Stored items from a collection:
*****

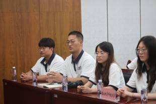 7月8日上午,实践团走进电子科技大学(简称成电),与成电计算机科学与工程学院研究生开展联合主题党日活动,并一同参观电子科技博物馆和相关实验室。在成电行政楼会议室,两校同学围绕“研究生党员先锋模范作用发挥”畅谈深刻感悟,就“党建与科研深度融合”话题展开热烈讨论。随后,在成电计科院硕博士的带领下,实践团参观了计算机科学与工程学院展厅及实验室,成电博士生方凯鹏、刑佑广为同学们演示了人形机器人及机械臂抓取物品的具身智能场景。在博物馆,讲解员引领实践团参观了通信设备、雷达部件、电子元器件、测量仪器、广播电视、计算机软硬件等大量珍贵藏品,重点介绍了成电本科毕设相关展品,以及参与过抗洪、地震救灾工作的激光通信设备和无人机藏品。沿着科技变革脉络,同学们领略了成电人勇于探索、敢于创新、艰苦奋斗的科学精神。
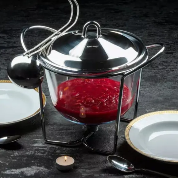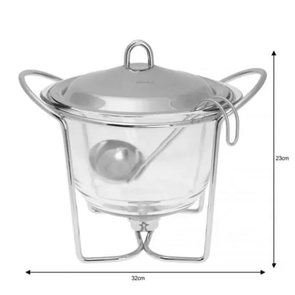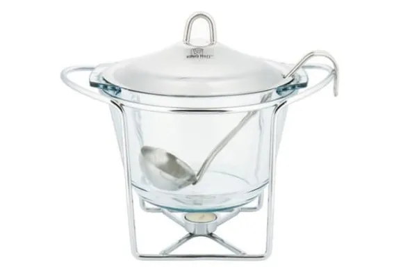 Du kan ställa ett fat direkt från köket på bordet i ett elegant värmetåligt fat med lock. Tack vare värmeljusvärmare blir maten varm hela tiden och du kan ägna din tid åt dina gäster. Kärlet är tillverkat av värmebeständigt glas (PYREX). Lock och ram tillverkade av utmärkt 18/10 rostfritt stål. Det PYREX värmebeständiga glaset som används är utformat för att fungera i temperaturområdet -25° / +260°. Alla delar av setet kan tvättas separat, vilket gör att du enkelt kan hålla det rent: 4,10 L. Glasinsatsen kan användas i mikrovågor Lock av högkvalitativt 18/10 rostfritt stål. Polerad täckyta. Ett värmande ljus.
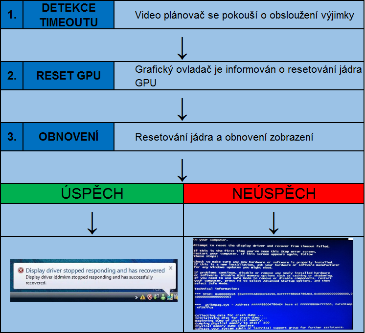 Posledním krokem je samotný reset jádra a uvolnění videopaměti, realokování paměťového prostoru ovladače a následné obnovení zobrazení. V některých případech se obnovení nezdaří, protože vlákno ovladače v bodu č. 2 vytuhne a dojde k jeho zavěšení. Systém tuto skutečnost vyhodnotí jako nemožnost obnovení ovladače a dojde k zastavení systému se STOP kódem 0x116 VIDEO_TDR_ERROR . Pokud k tomuto dochází, je nejlepší vložit příspěvek do BSOD sekce, kde se můžeme věnovat problému podrobněji.
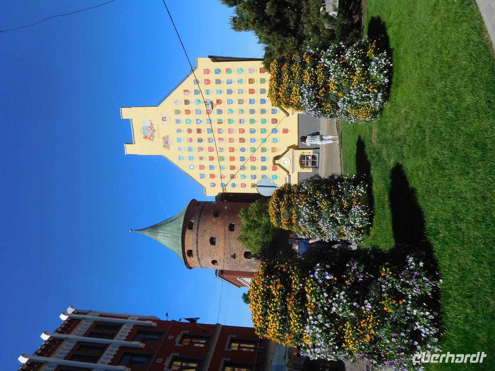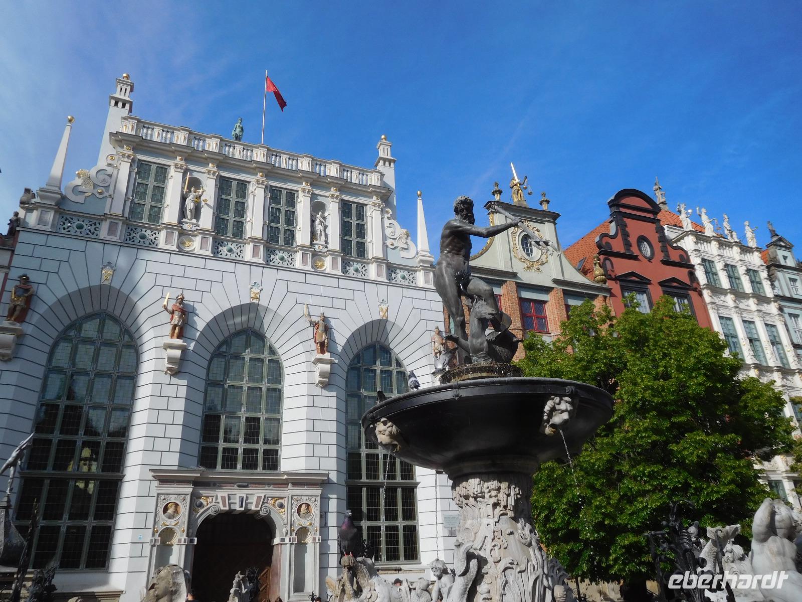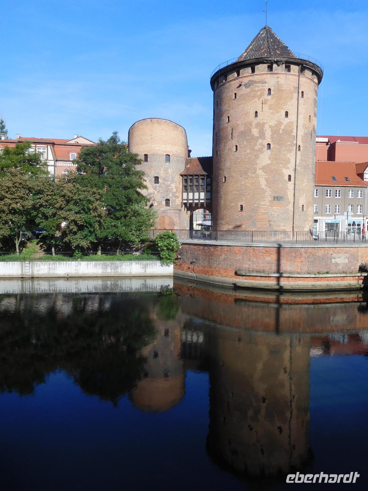 Nach zügiger Fahrt erreichten wir pünktlich in Frankfurt/Oderdie Grenze zu Polen. Weiter ging es per neuer Autobahn nach Posen, Gnesen und Thorn. Um die die Fahrtzeit zu überbrücken, erzählte der Reiseleiter schon vorab allerhand Unterhaltsames aus der reichen Geschichte des polnischen Königreichs, sowie über die Städte, durch die wir fuhren. Natürlich kamen auch interessante Informationen über Danzigs und Pommerns reicher Historie und das Wirken des Deutschen Ordens. Die Mittagspause absolvierten wir auf dem Parkplatz der Kathedrale von Gnesen. 968 wurde hier das erste polnische Bistum gegründet und im Jahre 1000 war der Kaiser bei der Grablegung der Reliquien des heiligen Adalbert anwesend, was als Anerkennung des polnischen Königtums gewertet wird. Der Schrein mit den Reliquien und eine hochromanische Bronzetür aus der Zeit um 1200 gehören zu den wichtigsten Schätzen der Kathedrale, die wir besichtigen konnten. Weil wir bereits vor halbfünf im Danziger Hotel auf der Speicherinsel einchecken konnten, bot der Reiseleiter noch vor dem Abendessen einen Stadtspaziergang an. Wir schlenderten dann durchs Grüne Tor zum Langen Markt, sahen die schönsten Stadttore, den frisch sanierten Artushof, das rechtstädtische Rathaus mit der dahinter liegenden riesigen gotischen Marienkirche und durch das Königstor hindurch zur Markthalle mit der Nikolaikirche und dann zur Johanniskirche. Der Weg endete an dem mit Kneipen gepflasterten Weg die Mottlau entlang zum alten Hafenkran. Fußläufig und rechtschaffen hungrig erreichten wir das Hotel.
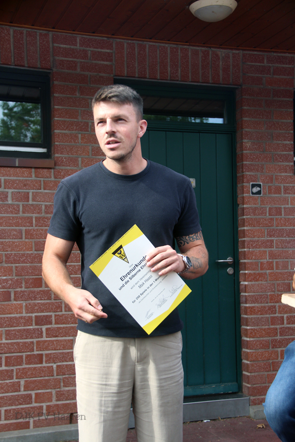 Maik Haas, er bestritt 250 Spiele für den DJK FV Haaren, wurde mit der Silbernen Ehrennadel, für seine Treue geehrt. Danke Maik auch für Deine lieben Worte über den DJK FV Haaren.
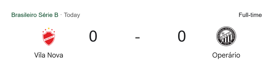 ศึกฟุตบอล คัมปิโอนาโต บราซิเลียโร ซีรีบี เมื่อเช้านี้ตามเวลาไทย วิลา โนวา เปิดรังต้อนรับการมาเยือนของ โอเปราริโอ แฟร์โรวิอาริโอ พีอาร์ ก่อนจบลงด้วยผลเสมอแบบไร้สกอร์ 0-0 ท่ามกลางเกมที่ทั้งสองทีมบุกแลกกันตลอด 90 นาที บ้านกีฬา เกาะติดรายงาน ผลบอลสด ให้แฟนบอลได้ลุ้นแบบชิดขอบสนาม แม้สกอร์จะไม่ขยับแต่ความดุเดือดยังคงเต็มพิกัด
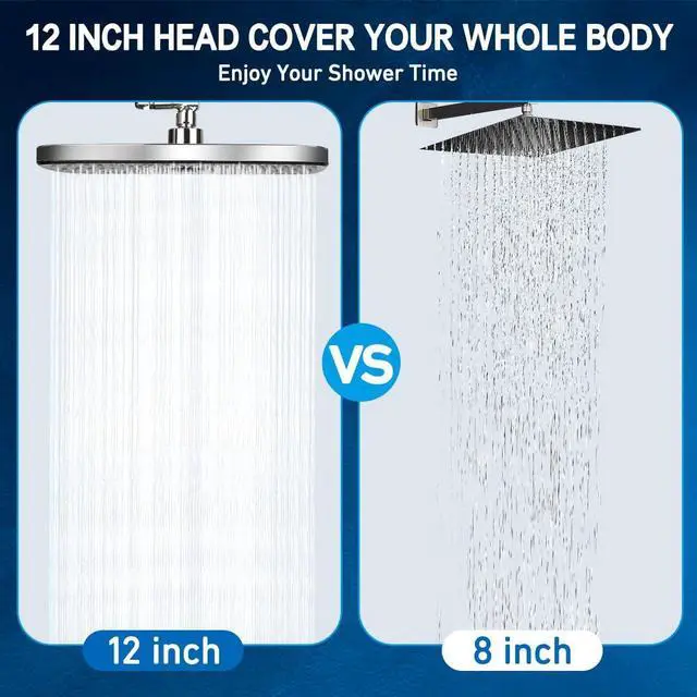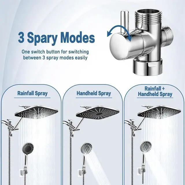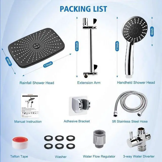 Wide Shower Head Combo: It comes 12 wider square rainfall showerhead, 4.5 '' chrome face, 6 spray settings handheld shower, 5ft stainless steel hose, water flow regulator, 3-way diverter, strong suction cup shower bracket, Teflon tape, washers, installation manual and warranty. (NOTE: Please put the hose on backward if the shower head handle doesn't fit in the holder!!
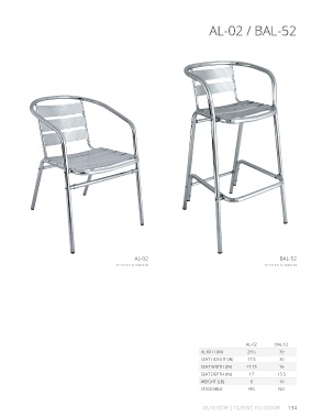 AL-02 / BAL-52 AL-02 BAL-52 POLISHED ALUMINUM POLISHED ALUMINUM AL-02 BAL-52 HEIGHT (IN) 28.5 39 SEAT HEIGHT (IN) 17.5 30 SEAT WIDTH (IN) 17.75 16 SEAT DEPTH (IN) 17 15.5 WEIGHT (LB) 8 10 STACKABLE YES NO OUTDOOR | CLASSIC OUTDOOR 134
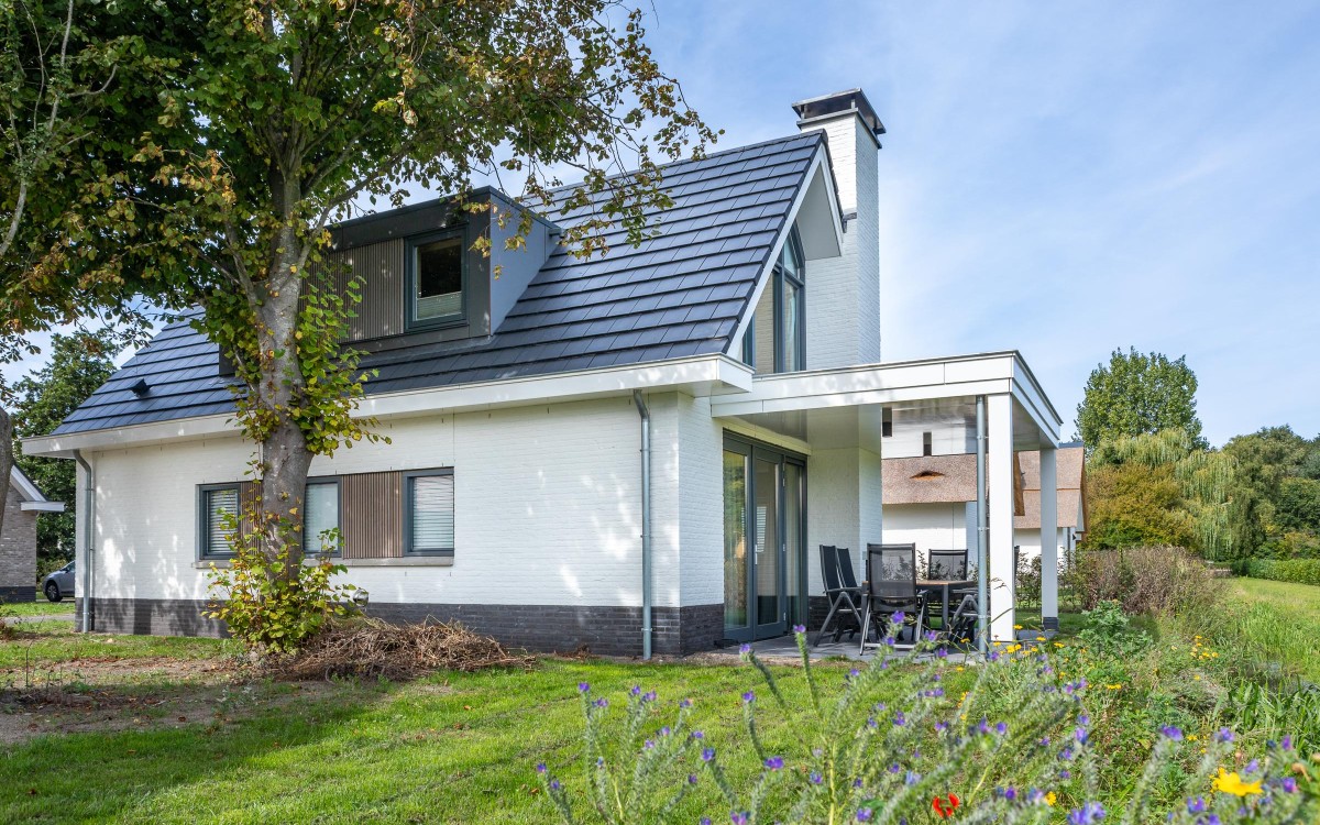 Op zoek naar naar een royale en luxe recreatiewoning van alle gemakken is voorzien? De Putter Extra Luxe heeft als extra een veranda. Ontbijten in de opkomende zon of wat langer buiten zitten; via het door de tuindeuren bereikbare overdekte terras betrekt u "buiten" bij  "binnen". De buitenhaard in de veranda zorgen ervoor dat u heerlijk kunt ontspannen in ultieme buitenplaats. Via de hal met trap en toilet komt u in de indrukwekkende leefruimte met eethoek, kookeiland en zithoek bij de houtkachel. Slecht ter been of wat ouder; ook deze zespersoonswoning heeft een slaapkamer met badkamer en in de douche een sunshower op de begane grond. Op een etage hoger zijn 1 badkamer met sauna en twee slaapkamers.

*****

=== Directions ===
Lines wanted from the entries above: the one with "Nach zügiger Fahrt", the one with "Maik Haas, er", and all lines between. Please copy them exactly, without the pictures and without anything else.

=== Solution to this task ===
 Nach zügiger Fahrt erreichten wir pünktlich in Frankfurt/Oderdie Grenze zu Polen. Weiter ging es per neuer Autobahn nach Posen, Gnesen und Thorn. Um die die Fahrtzeit zu überbrücken, erzählte der Reiseleiter schon vorab allerhand Unterhaltsames aus der reichen Geschichte des polnischen Königreichs, sowie über die Städte, durch die wir fuhren. Natürlich kamen auch interessante Informationen über Danzigs und Pommerns reicher Historie und das Wirken des Deutschen Ordens. Die Mittagspause absolvierten wir auf dem Parkplatz der Kathedrale von Gnesen. 968 wurde hier das erste polnische Bistum gegründet und im Jahre 1000 war der Kaiser bei der Grablegung der Reliquien des heiligen Adalbert anwesend, was als Anerkennung des polnischen Königtums gewertet wird. Der Schrein mit den Reliquien und eine hochromanische Bronzetür aus der Zeit um 1200 gehören zu den wichtigsten Schätzen der Kathedrale, die wir besichtigen konnten. Weil wir bereits vor halbfünf im Danziger Hotel auf der Speicherinsel einchecken konnten, bot der Reiseleiter noch vor dem Abendessen einen Stadtspaziergang an. Wir schlenderten dann durchs Grüne Tor zum Langen Markt, sahen die schönsten Stadttore, den frisch sanierten Artushof, das rechtstädtische Rathaus mit der dahinter liegenden riesigen gotischen Marienkirche und durch das Königstor hindurch zur Markthalle mit der Nikolaikirche und dann zur Johanniskirche. Der Weg endete an dem mit Kneipen gepflasterten Weg die Mottlau entlang zum alten Hafenkran. Fußläufig und rechtschaffen hungrig erreichten wir das Hotel.
 Maik Haas, er bestritt 250 Spiele für den DJK FV Haaren, wurde mit der Silbernen Ehrennadel, für seine Treue geehrt. Danke Maik auch für Deine lieben Worte über den DJK FV Haaren.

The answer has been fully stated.